• **Work request**:
Leaving the pictures aside, transcribe the data below exactly.

• **Source material**:
########################################

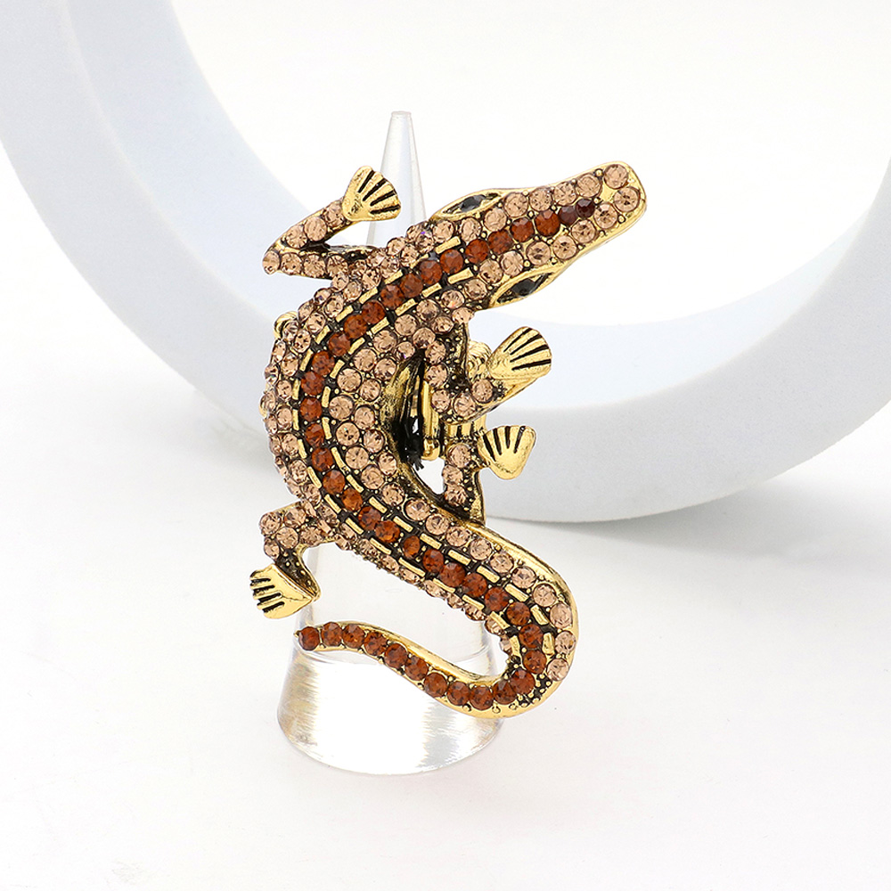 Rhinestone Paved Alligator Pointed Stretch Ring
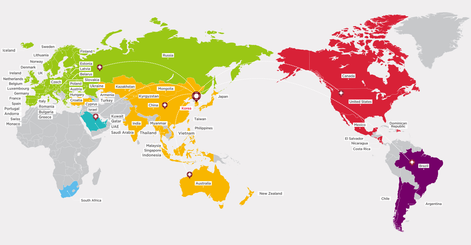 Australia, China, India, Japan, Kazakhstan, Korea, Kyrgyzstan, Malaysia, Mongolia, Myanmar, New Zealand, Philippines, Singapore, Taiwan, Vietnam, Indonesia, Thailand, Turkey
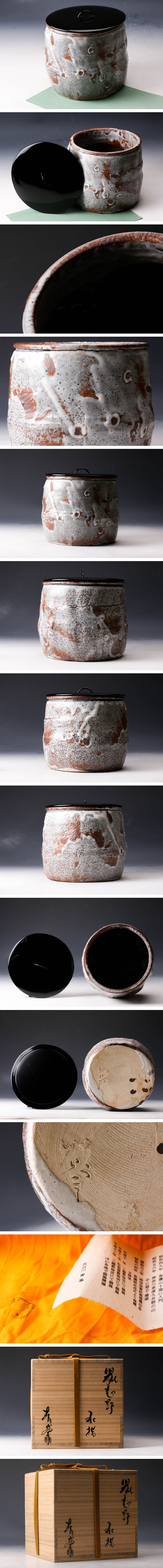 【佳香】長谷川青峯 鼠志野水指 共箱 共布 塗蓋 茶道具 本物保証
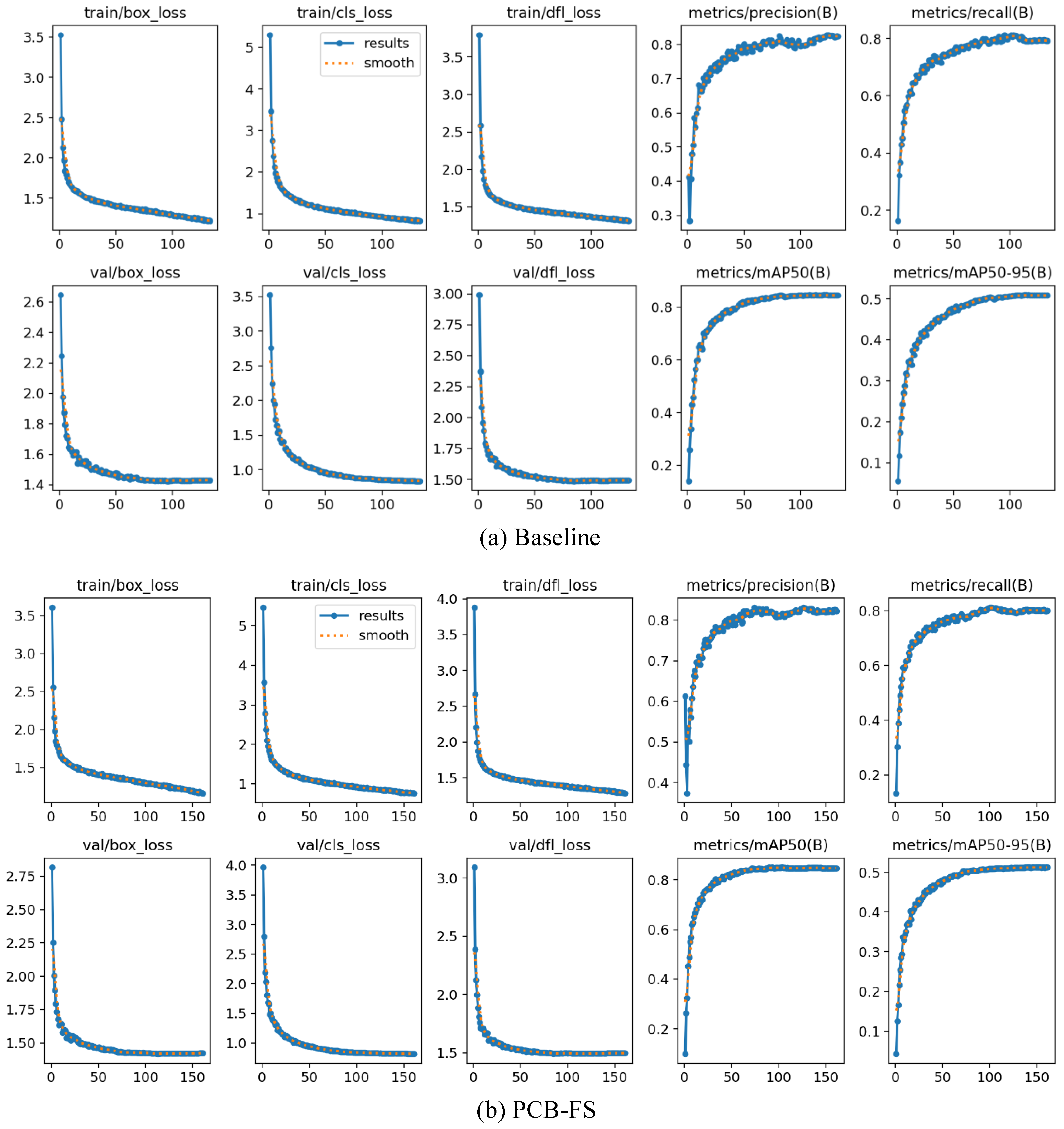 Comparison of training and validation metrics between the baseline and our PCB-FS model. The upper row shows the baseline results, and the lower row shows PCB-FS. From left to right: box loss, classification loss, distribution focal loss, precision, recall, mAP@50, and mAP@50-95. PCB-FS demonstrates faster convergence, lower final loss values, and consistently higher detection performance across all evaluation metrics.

########################################

• **Answer to this task**:
 Rhinestone Paved Alligator Pointed Stretch Ring
 Australia, China, India, Japan, Kazakhstan, Korea, Kyrgyzstan, Malaysia, Mongolia, Myanmar, New Zealand, Philippines, Singapore, Taiwan, Vietnam, Indonesia, Thailand, Turkey
 【佳香】長谷川青峯 鼠志野水指 共箱 共布 塗蓋 茶道具 本物保証
 Comparison of training and validation metrics between the baseline and our PCB-FS model. The upper row shows the baseline results, and the lower row shows PCB-FS. From left to right: box loss, classification loss, distribution focal loss, precision, recall, mAP@50, and mAP@50-95. PCB-FS demonstrates faster convergence, lower final loss values, and consistently higher detection performance across all evaluation metrics.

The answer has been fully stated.